__Instructions for the task__
Where the listing below has a line with "На страницах сайта", write out exactly that line and every line after it, stopping after the line with "Синий комод из".

__Records to process__

----

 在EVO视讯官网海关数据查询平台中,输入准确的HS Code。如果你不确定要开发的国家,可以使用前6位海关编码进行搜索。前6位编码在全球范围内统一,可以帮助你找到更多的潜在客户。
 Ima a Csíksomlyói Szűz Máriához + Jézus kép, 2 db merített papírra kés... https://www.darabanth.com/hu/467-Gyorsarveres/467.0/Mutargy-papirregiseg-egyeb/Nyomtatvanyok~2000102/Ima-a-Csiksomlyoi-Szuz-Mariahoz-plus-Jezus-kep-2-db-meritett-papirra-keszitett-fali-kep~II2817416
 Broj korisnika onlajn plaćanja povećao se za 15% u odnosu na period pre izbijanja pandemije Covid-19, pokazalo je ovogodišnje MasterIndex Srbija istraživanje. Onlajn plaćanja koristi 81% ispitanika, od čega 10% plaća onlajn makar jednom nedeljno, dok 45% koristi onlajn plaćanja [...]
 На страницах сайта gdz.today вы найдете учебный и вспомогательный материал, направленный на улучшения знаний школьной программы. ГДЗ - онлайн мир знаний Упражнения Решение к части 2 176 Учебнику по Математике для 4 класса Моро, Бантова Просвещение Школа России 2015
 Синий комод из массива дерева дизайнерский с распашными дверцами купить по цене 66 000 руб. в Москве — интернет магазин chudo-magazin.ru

----

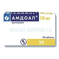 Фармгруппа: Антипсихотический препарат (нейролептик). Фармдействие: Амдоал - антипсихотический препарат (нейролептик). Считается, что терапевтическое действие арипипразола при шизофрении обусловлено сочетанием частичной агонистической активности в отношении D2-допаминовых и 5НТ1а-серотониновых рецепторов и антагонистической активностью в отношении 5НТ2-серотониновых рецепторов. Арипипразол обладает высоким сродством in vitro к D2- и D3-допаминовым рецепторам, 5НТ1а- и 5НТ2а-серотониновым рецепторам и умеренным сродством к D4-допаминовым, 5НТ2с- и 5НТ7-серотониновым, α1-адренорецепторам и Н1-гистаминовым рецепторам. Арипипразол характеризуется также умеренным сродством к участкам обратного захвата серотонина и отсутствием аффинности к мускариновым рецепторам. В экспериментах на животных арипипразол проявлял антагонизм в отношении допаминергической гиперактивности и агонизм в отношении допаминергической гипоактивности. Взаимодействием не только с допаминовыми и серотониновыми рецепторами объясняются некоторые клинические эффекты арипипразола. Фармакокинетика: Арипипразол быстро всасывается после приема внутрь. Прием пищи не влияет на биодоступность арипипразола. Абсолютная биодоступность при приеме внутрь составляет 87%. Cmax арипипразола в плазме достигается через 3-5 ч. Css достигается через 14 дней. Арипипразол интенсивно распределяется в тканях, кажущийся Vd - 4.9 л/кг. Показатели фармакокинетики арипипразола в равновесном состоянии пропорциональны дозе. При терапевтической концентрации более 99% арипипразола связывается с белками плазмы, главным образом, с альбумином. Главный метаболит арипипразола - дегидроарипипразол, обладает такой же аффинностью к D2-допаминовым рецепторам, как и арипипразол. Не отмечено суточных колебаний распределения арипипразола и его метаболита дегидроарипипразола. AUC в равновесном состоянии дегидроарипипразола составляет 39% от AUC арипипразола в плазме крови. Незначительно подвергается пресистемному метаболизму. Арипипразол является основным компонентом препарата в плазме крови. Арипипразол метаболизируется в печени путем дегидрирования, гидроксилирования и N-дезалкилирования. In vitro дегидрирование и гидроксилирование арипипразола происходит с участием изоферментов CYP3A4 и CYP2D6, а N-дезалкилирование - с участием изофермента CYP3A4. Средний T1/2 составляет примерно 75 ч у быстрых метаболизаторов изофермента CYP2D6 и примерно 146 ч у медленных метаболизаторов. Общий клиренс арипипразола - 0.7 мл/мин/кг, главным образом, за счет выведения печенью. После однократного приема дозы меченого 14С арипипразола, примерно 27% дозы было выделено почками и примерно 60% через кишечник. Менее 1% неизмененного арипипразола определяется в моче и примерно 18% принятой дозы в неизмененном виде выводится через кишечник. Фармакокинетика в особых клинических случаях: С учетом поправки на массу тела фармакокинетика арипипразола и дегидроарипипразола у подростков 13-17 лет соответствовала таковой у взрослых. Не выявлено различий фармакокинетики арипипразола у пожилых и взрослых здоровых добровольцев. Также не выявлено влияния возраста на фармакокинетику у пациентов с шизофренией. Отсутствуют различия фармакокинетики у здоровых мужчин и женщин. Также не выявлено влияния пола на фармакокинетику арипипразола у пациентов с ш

----

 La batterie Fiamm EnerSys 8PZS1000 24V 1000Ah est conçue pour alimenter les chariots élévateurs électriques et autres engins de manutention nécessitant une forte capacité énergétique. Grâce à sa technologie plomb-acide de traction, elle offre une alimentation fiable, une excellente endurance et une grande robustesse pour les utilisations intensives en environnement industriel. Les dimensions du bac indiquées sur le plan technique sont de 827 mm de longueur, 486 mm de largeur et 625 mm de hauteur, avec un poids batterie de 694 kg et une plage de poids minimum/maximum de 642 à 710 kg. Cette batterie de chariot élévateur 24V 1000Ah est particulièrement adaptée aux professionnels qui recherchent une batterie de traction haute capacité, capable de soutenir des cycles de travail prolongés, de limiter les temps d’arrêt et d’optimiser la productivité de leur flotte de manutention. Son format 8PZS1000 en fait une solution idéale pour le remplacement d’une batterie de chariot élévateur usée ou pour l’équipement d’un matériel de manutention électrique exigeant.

----

__Answer section__
 На страницах сайта gdz.today вы найдете учебный и вспомогательный материал, направленный на улучшения знаний школьной программы. ГДЗ - онлайн мир знаний Упражнения Решение к части 2 176 Учебнику по Математике для 4 класса Моро, Бантова Просвещение Школа России 2015
 Синий комод из массива дерева дизайнерский с распашными дверцами купить по цене 66 000 руб. в Москве — интернет магазин chudo-magazin.ru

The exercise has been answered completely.